■ **Listed records**

((

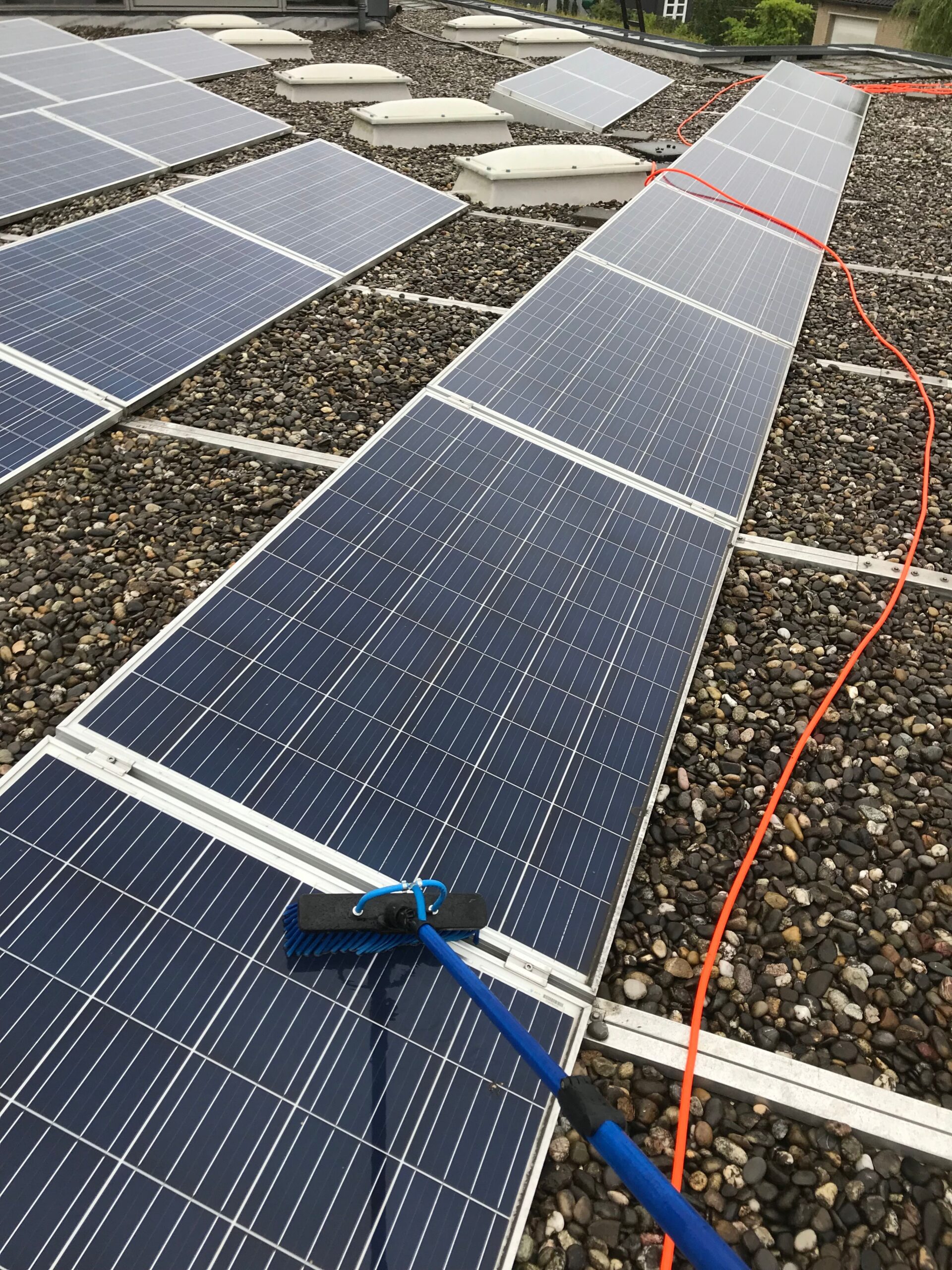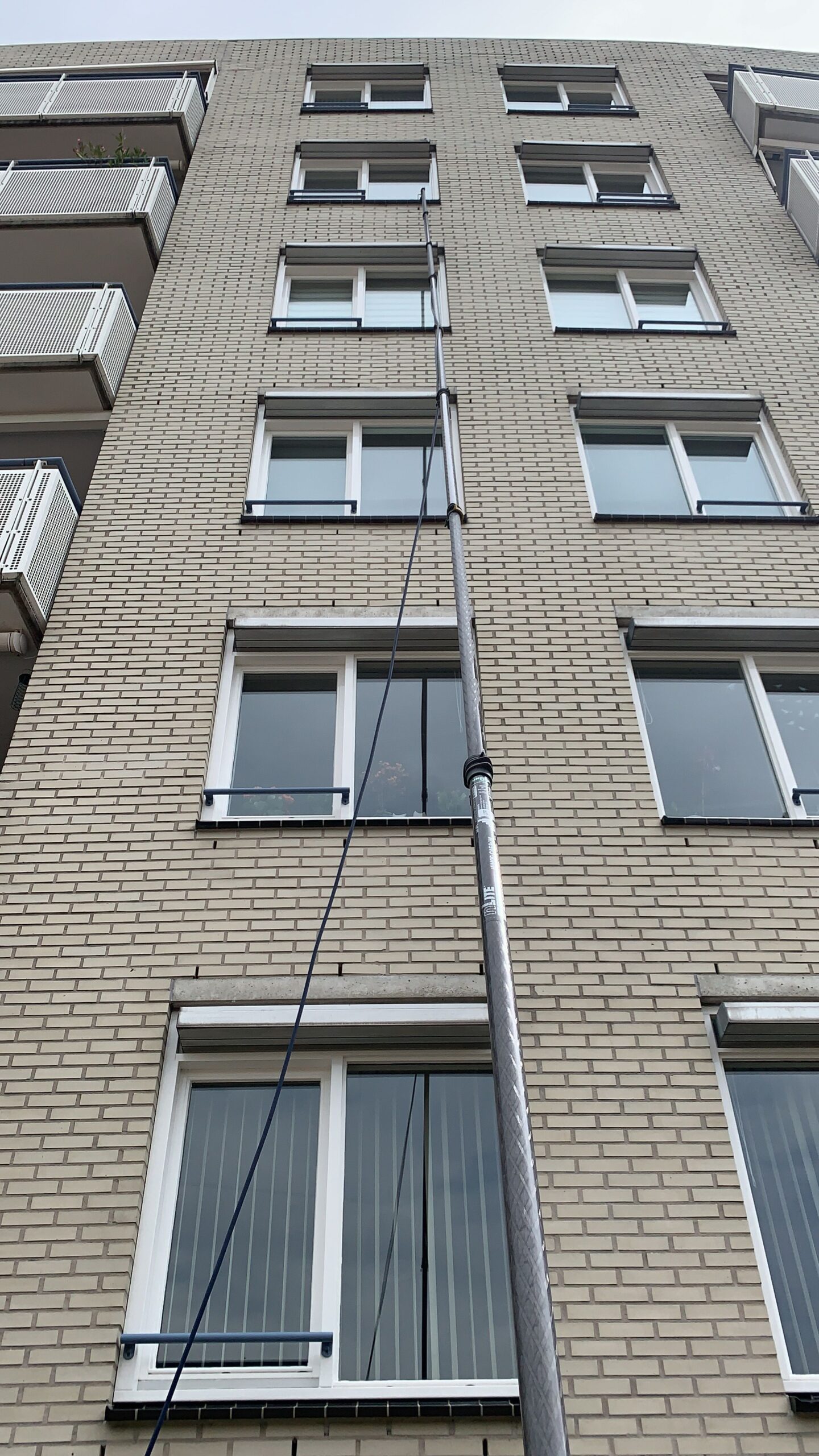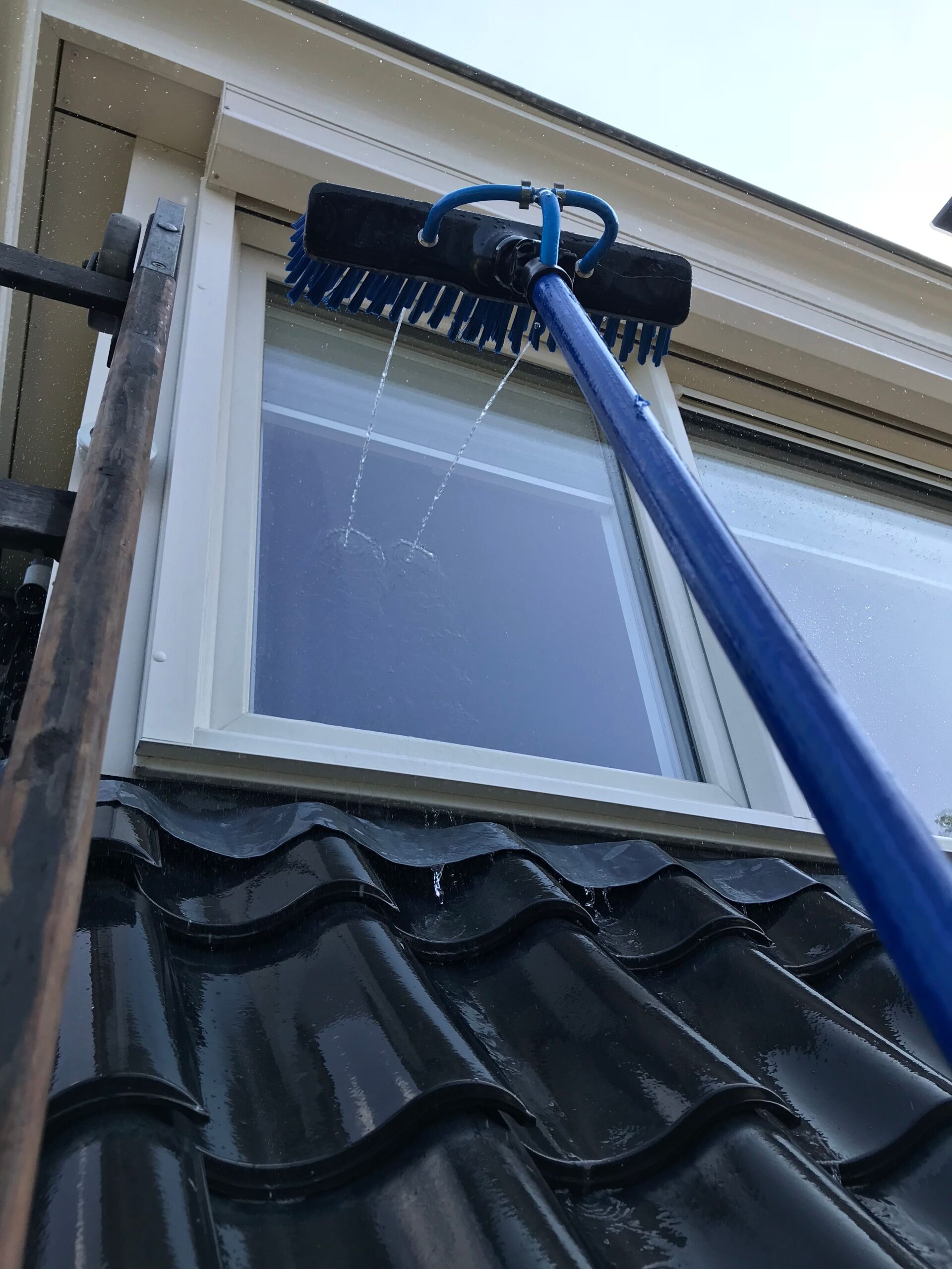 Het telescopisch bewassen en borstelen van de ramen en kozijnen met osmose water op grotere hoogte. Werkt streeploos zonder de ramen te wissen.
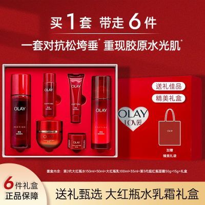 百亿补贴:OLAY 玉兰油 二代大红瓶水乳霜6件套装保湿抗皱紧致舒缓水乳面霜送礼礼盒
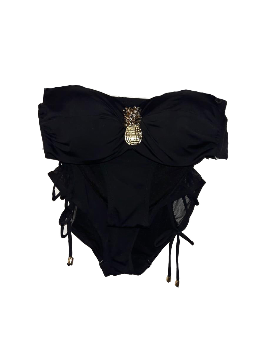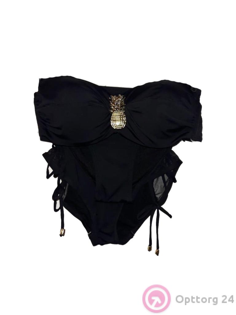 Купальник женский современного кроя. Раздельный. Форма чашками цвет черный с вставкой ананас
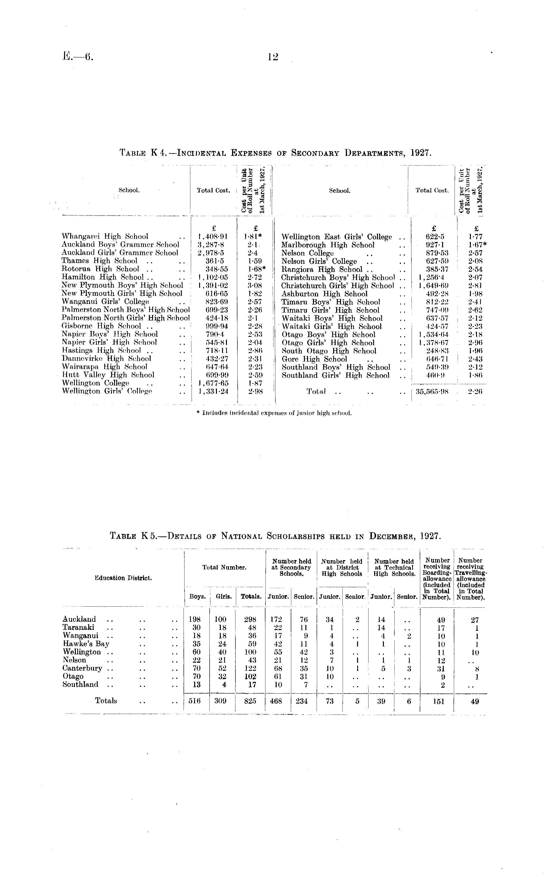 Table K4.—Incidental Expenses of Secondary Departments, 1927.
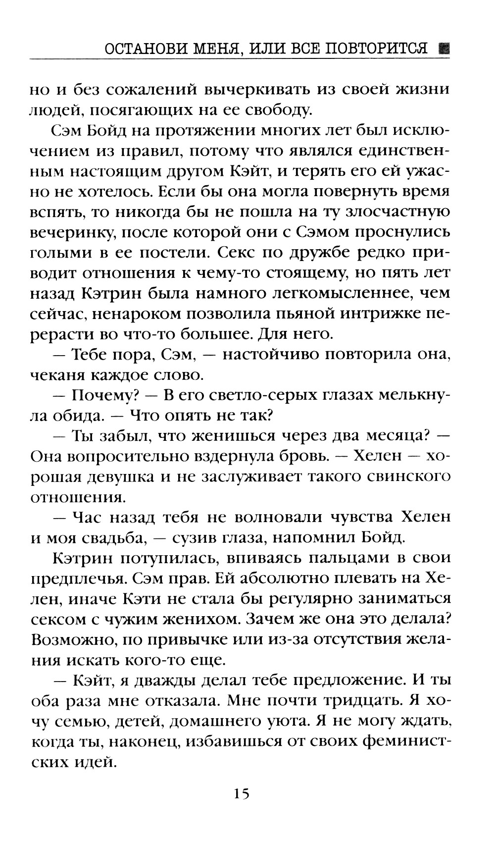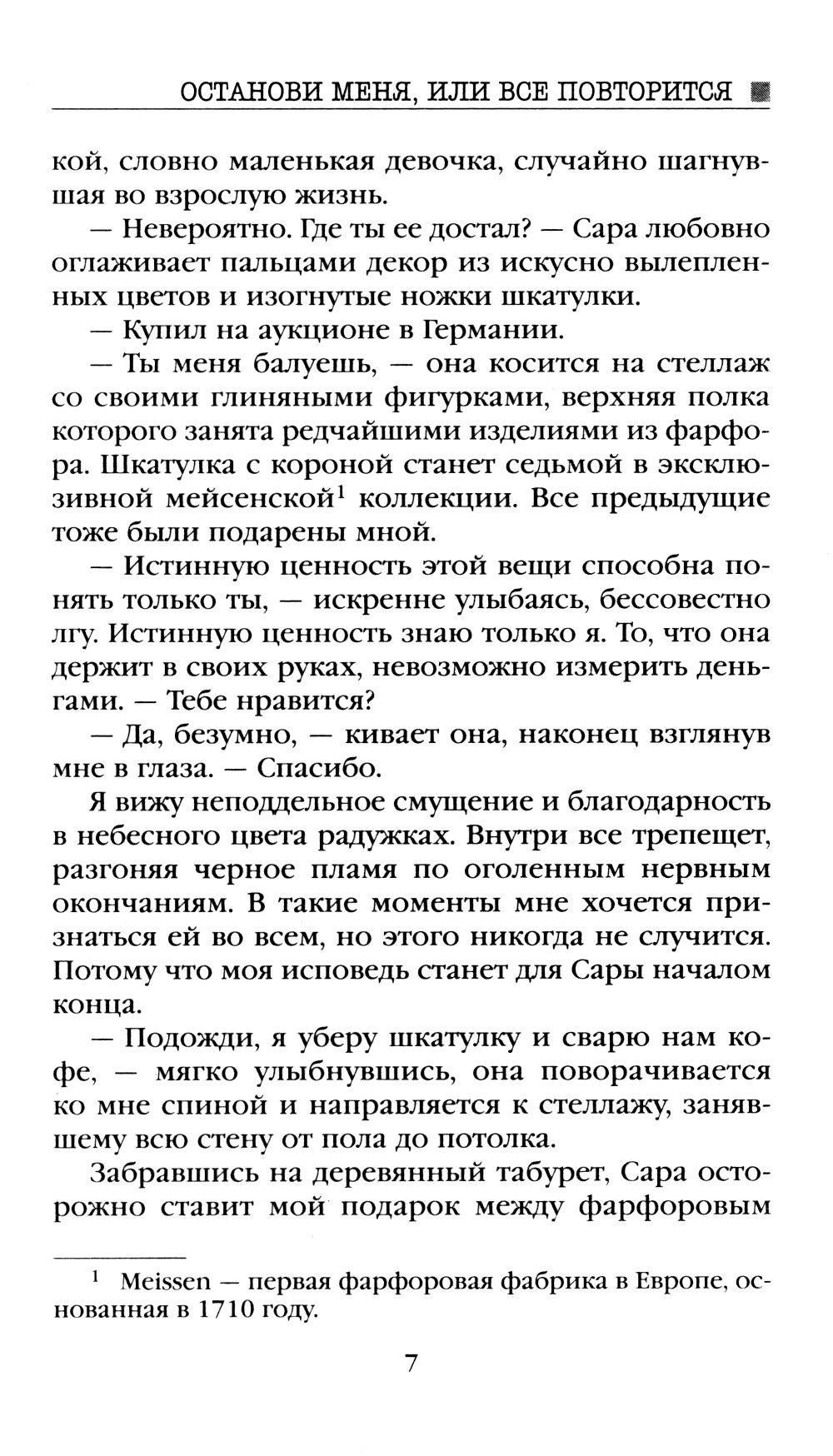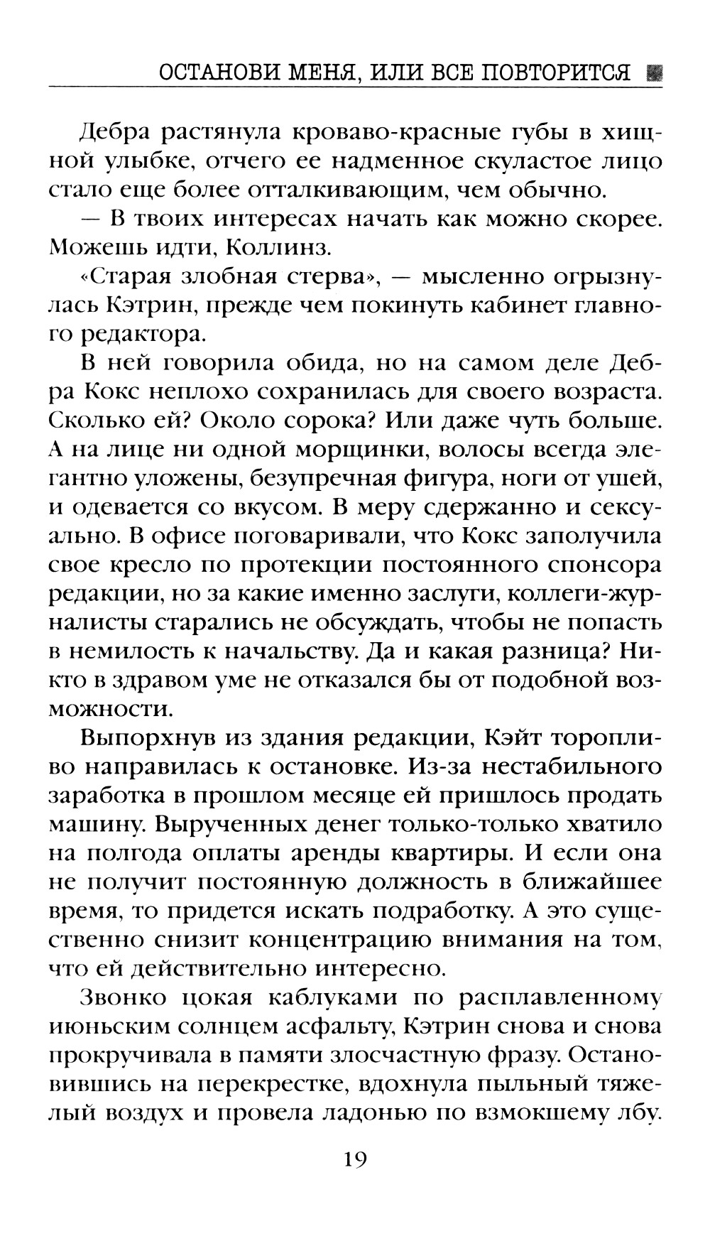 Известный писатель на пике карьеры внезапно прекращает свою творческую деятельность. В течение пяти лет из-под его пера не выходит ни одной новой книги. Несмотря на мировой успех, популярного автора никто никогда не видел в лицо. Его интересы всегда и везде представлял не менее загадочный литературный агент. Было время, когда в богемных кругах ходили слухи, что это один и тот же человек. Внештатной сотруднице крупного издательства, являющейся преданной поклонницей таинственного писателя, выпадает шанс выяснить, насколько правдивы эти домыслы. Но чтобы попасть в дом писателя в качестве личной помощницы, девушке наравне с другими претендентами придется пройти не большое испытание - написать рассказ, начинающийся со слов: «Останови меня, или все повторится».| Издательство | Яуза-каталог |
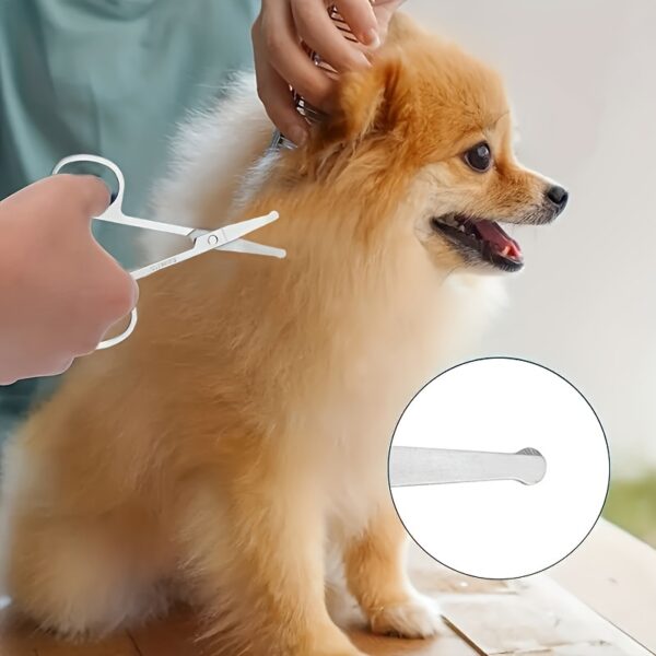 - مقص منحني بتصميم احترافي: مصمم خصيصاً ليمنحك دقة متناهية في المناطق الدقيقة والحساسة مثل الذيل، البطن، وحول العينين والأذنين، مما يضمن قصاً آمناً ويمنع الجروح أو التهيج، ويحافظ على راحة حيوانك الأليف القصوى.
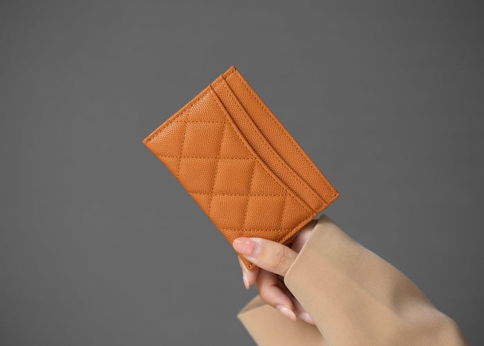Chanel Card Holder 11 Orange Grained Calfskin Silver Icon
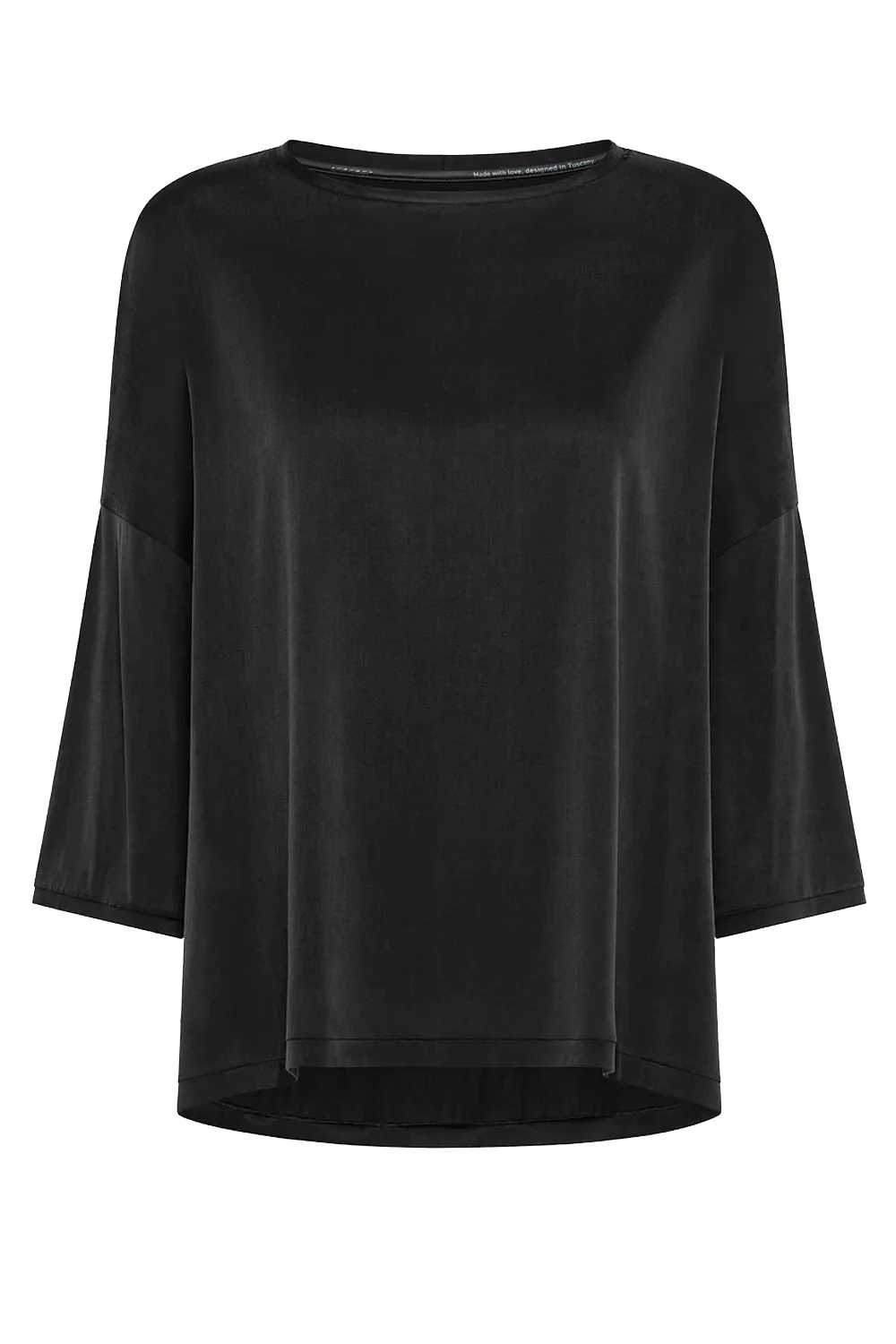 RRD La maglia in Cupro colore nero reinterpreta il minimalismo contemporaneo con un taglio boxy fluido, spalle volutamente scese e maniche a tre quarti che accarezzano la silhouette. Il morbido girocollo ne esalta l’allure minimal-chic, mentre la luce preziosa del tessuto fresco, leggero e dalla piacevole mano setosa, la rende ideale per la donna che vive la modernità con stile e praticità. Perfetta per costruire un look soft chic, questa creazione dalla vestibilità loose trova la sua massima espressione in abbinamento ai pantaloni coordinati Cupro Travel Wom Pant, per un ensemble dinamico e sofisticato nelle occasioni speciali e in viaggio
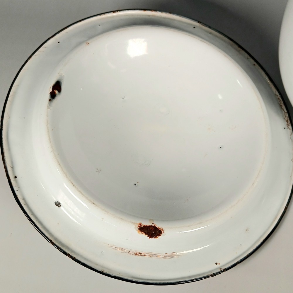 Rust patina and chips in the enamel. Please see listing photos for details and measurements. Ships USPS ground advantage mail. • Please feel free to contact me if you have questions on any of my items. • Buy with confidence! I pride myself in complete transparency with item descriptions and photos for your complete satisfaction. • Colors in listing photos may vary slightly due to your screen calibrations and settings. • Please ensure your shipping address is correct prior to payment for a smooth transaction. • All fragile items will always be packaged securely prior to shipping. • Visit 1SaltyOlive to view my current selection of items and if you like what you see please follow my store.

))

■ **Task description**
With the pictures set aside, return each line of the listing exactly as given.

■ **Solution to the problem**
 Het telescopisch bewassen en borstelen van de ramen en kozijnen met osmose water op grotere hoogte. Werkt streeploos zonder de ramen te wissen.
 百亿补贴:OLAY 玉兰油 二代大红瓶水乳霜6件套装保湿抗皱紧致舒缓水乳面霜送礼礼盒
 Купальник женский современного кроя. Раздельный. Форма чашками цвет черный с вставкой ананас
 Table K4.—Incidental Expenses of Secondary Departments, 1927.
 Известный писатель на пике карьеры внезапно прекращает свою творческую деятельность. В течение пяти лет из-под его пера не выходит ни одной новой книги. Несмотря на мировой успех, популярного автора никто никогда не видел в лицо. Его интересы всегда и везде представлял не менее загадочный литературный агент. Было время, когда в богемных кругах ходили слухи, что это один и тот же человек. Внештатной сотруднице крупного издательства, являющейся преданной поклонницей таинственного писателя, выпадает шанс выяснить, насколько правдивы эти домыслы. Но чтобы попасть в дом писателя в качестве личной помощницы, девушке наравне с другими претендентами придется пройти не большое испытание - написать рассказ, начинающийся со слов: «Останови меня, или все повторится».| Издательство | Яуза-каталог |
 - مقص منحني بتصميم احترافي: مصمم خصيصاً ليمنحك دقة متناهية في المناطق الدقيقة والحساسة مثل الذيل، البطن، وحول العينين والأذنين، مما يضمن قصاً آمناً ويمنع الجروح أو التهيج، ويحافظ على راحة حيوانك الأليف القصوى.
Chanel Card Holder 11 Orange Grained Calfskin Silver Icon
 RRD La maglia in Cupro colore nero reinterpreta il minimalismo contemporaneo con un taglio boxy fluido, spalle volutamente scese e maniche a tre quarti che accarezzano la silhouette. Il morbido girocollo ne esalta l’allure minimal-chic, mentre la luce preziosa del tessuto fresco, leggero e dalla piacevole mano setosa, la rende ideale per la donna che vive la modernità con stile e praticità. Perfetta per costruire un look soft chic, questa creazione dalla vestibilità loose trova la sua massima espressione in abbinamento ai pantaloni coordinati Cupro Travel Wom Pant, per un ensemble dinamico e sofisticato nelle occasioni speciali e in viaggio
 Rust patina and chips in the enamel. Please see listing photos for details and measurements. Ships USPS ground advantage mail. • Please feel free to contact me if you have questions on any of my items. • Buy with confidence! I pride myself in complete transparency with item descriptions and photos for your complete satisfaction. • Colors in listing photos may vary slightly due to your screen calibrations and settings. • Please ensure your shipping address is correct prior to payment for a smooth transaction. • All fragile items will always be packaged securely prior to shipping. • Visit 1SaltyOlive to view my current selection of items and if you like what you see please follow my store.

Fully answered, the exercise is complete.